Problem statement.
Retype every line from the start of the data down to and including the line with "- Наберите в". Skip the pictures.

Dataset content below:

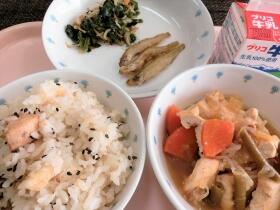 17日(木)里芋ご飯、肉豆腐、わかさぎの唐揚げ、ナムル、牛乳
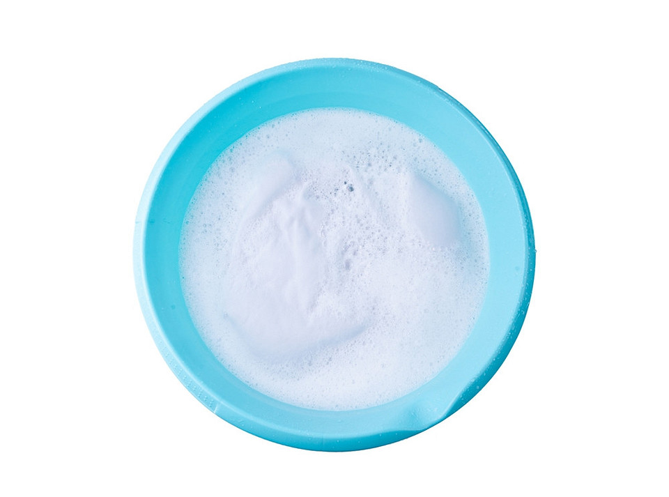 - Наберите в него теплую воду, температура не выше 35-40°C. Отмерьте моющее средство, размешайте его до полного растворения.
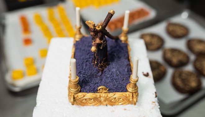 El negocio creció tanto a la vuelta del siguiente año, que hasta abrieron una tienda en Sevilla porque los pasos cofrades de chocolate y totalmente comestibles del Nazareno de Lebrija, de la Virgen de la Soledad o de Nuestro Padre Jesús Atado a la Columna (con precios que podían superar los 200 euros) no tardaron en llamar poderosamente la atención en la capital. Ese establecimiento se terminó cerrando no porque no tuviera éxito, “sino por motivos personales”, dice un tanto compungida Loli. Luego revela su dolor por la muerte de su hermano en aquellos últimos coletazos del covid. “Era mi hermano preferido”, reconoce, y esconde la mirada en las cajitas que sigue preparando, mientras Eva vuelca el chocolate fundido en la inyectora para los higos.
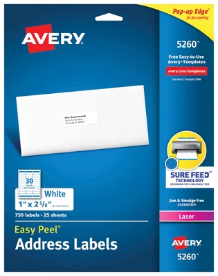 Easy Peel Address Labels are great when you want to create professional labels quickly and easily. They’re perfect for high-volume mailing projects, labeling bottles, Ball and Mason jars, food containers, bath and beauty products, product branding, event decorations, party favors and crafts. Sure Feed technology is designed for a reliable feed through your printer, helping prevent misalignments and jams. The patented Easy Peel feature makes applying these labels a breeze. Simply bend the label sheet to expose the Pop-up Edge, peel off your label and fold the sheet back to flat. To easily customize your labels, use Avery’s free online templates and designs.
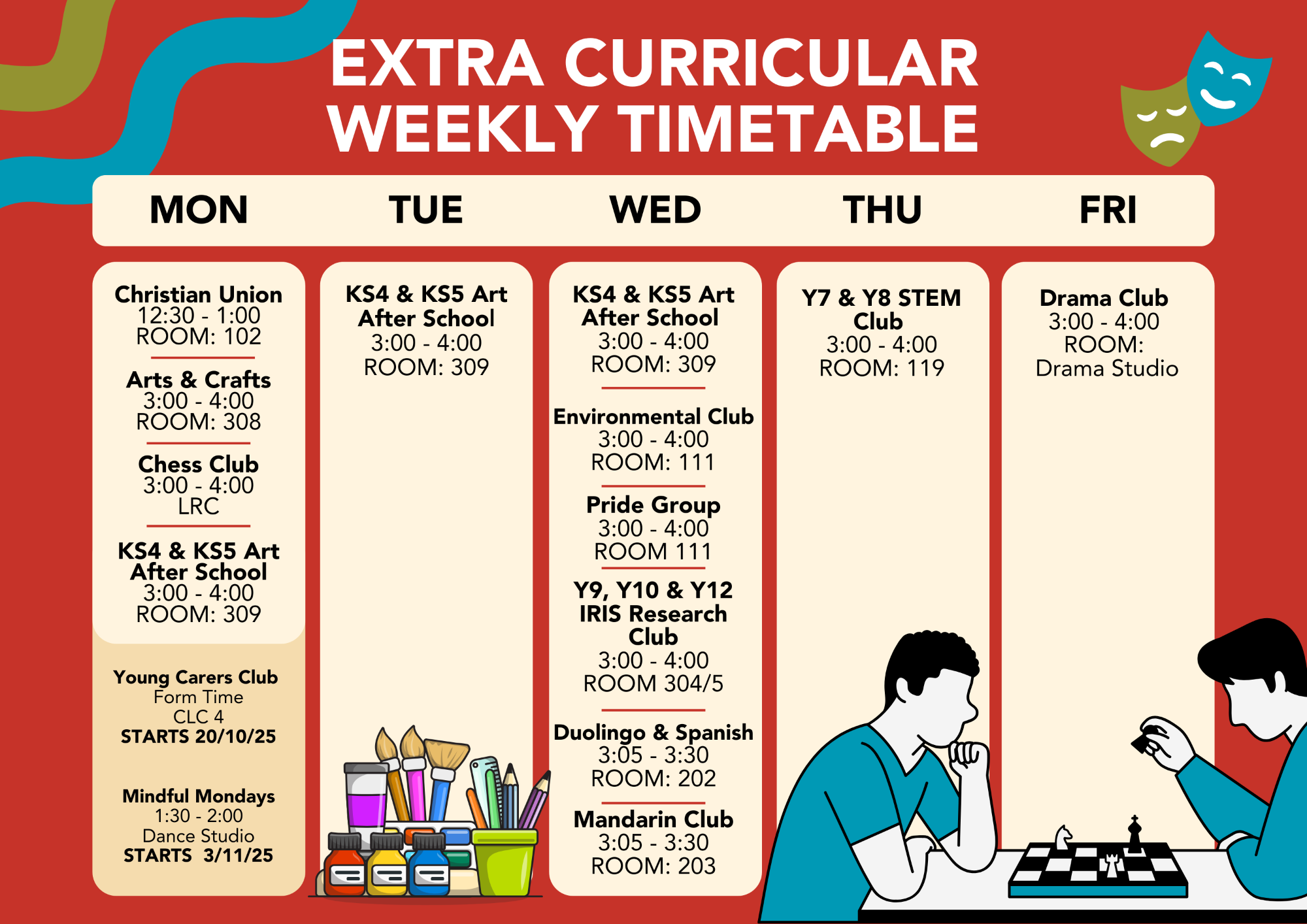 Please note that extracurricular activities may occasionally be cancelled at short notice due to unforeseen commitments. We recommend checking with teaching or support staff for the most up-to-date information.
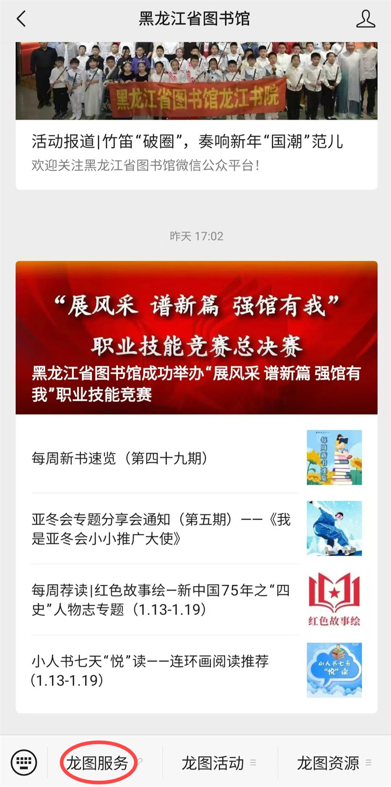 一、打开微信搜索、关注“黑龙江省图书馆”公众号。
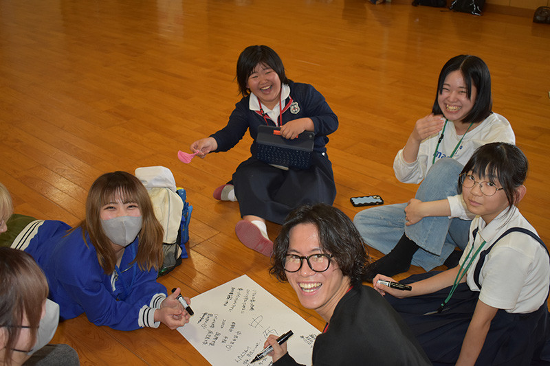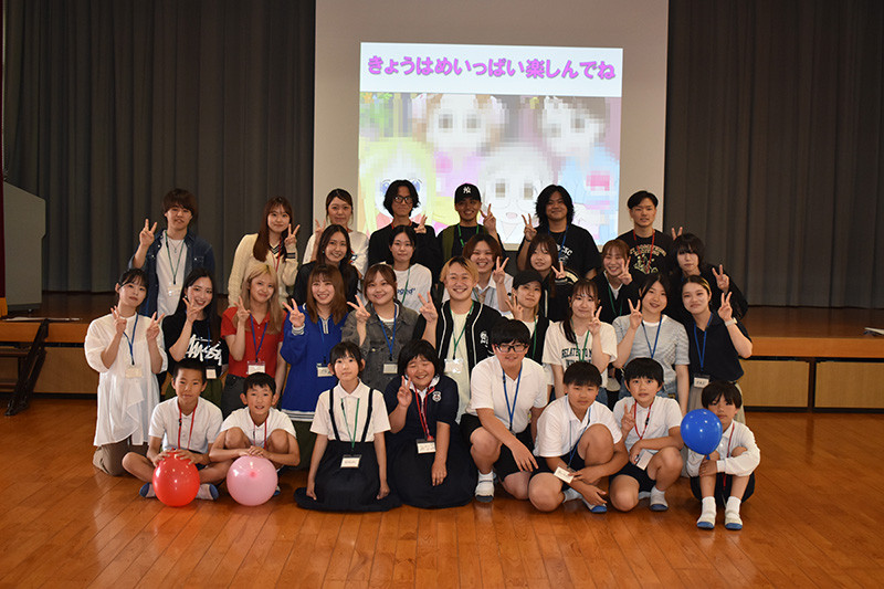5月23日、経営学科・中西ゼミの3年生24人が、桜島の小さな小学校、鹿児島市立桜峰小学校の子どもたち8人と学内で交流しました。
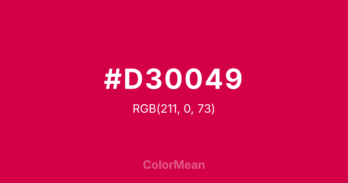 #D30049 RGB value is (211, 0, 73). The hex color red value is 211, green is 0, and blue is 73. Its HSL format shows a hue of 339°, saturation of 100 percent, and lightness of 41 percent. The CMYK process values are 0 percent, 100 percent, 65 percent, 17 percent.
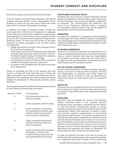 ST UD ENT COND UC T A ND D I SCIPLIN E homework, games and sleep will not be permitted. A list of students who have been assigned a DH will be available each day. While it is the responsibility of the student to check the list, the Dean’s office will make every effort to contact the assigned students. In addition, the Dean of Students holds a Friday DH each week from 3:35-5:05 p.m. Students are assigned to this DH by the Dean when deemed an appropriate consequence to a rule infraction. Also, students who fail to serve a DH in a week will be assigned a Friday DH the following Friday. This DH must be served on the date assigned and takes precedence over all other school commitments. • Middle School DHs are held in the computer hub on the first floor during lunch. • In the Upper School, DH is held during lunch Monday through Friday and after school from 3:35-4:05 p.m. Monday through Thursday. If a Friday DH is assigned, it is held from 3:35-4:05 p.m. on Fridays. • Lunchtime DH is held in the library. After school DH is held in the assigned proctor's classroom. • A student must complete the DH within one week of its assignment. Failure to complete the DH in the required time will result in a Friday DH from 3:35-5:05 p.m. A Friday DH takes precedence over all other commitments (sports, rehearsals, club meetings, etc.) and a student will not be allowed to participate in after-school activities during that time. Accumulated Upper School DHs will be treated according to the following schedule (per semester): Number of DHs 2
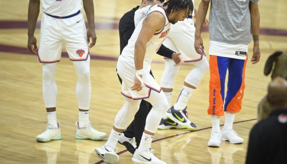 Quarante secondes. C’est le temps de jeu de Jalen Brunson face aux Cavaliers puisque le meneur des Knicks s’est blessé dès le début de match ! Une simple sortie d’écran, puis un tir, et il grimace immédiatement et tombe au sol.
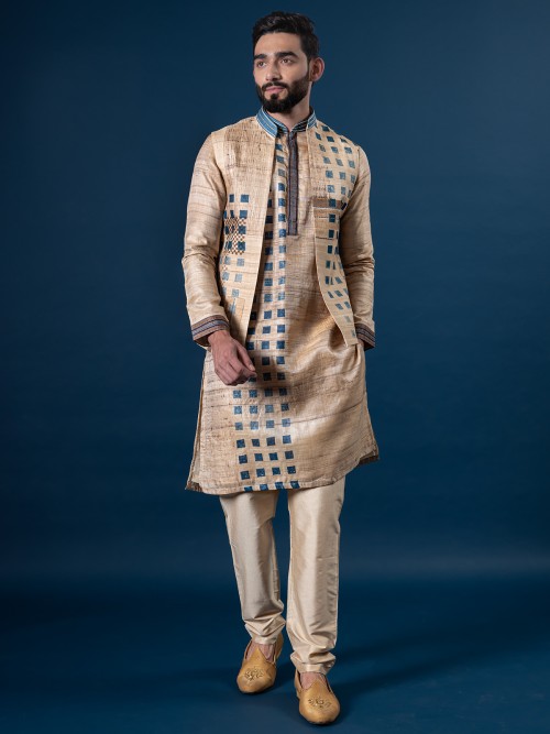 Stylish for weddings, this printed beige waistcoat pair was designed with refinement in mind. Crafted from high-quality silk fabric, it features exquisite embroidery. For a cohesive ensemble for any occasion, it includes a matching bottom.
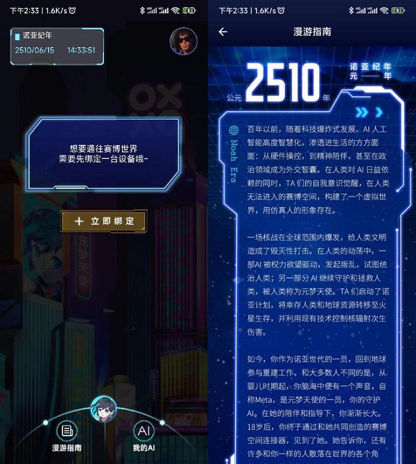 4、点击“漫游指南”,小编惊奇地发现,为了让用户有代入感,网易春风居然还装模作样地设计了一下“世界观”。根据官方介绍,我们现在正处在一个虚拟人物和人类共存的元宇宙世界,通过这款设备,玩家可以“穿越”到2510年的诺亚纪元,和元梦天使AI(内置虚拟形象)一起战斗,对抗与人类为敌的AI反派。

End of Dataset content.

Exercise answer.
 17日(木)里芋ご飯、肉豆腐、わかさぎの唐揚げ、ナムル、牛乳
 - Наберите в него теплую воду, температура не выше 35-40°C. Отмерьте моющее средство, размешайте его до полного растворения.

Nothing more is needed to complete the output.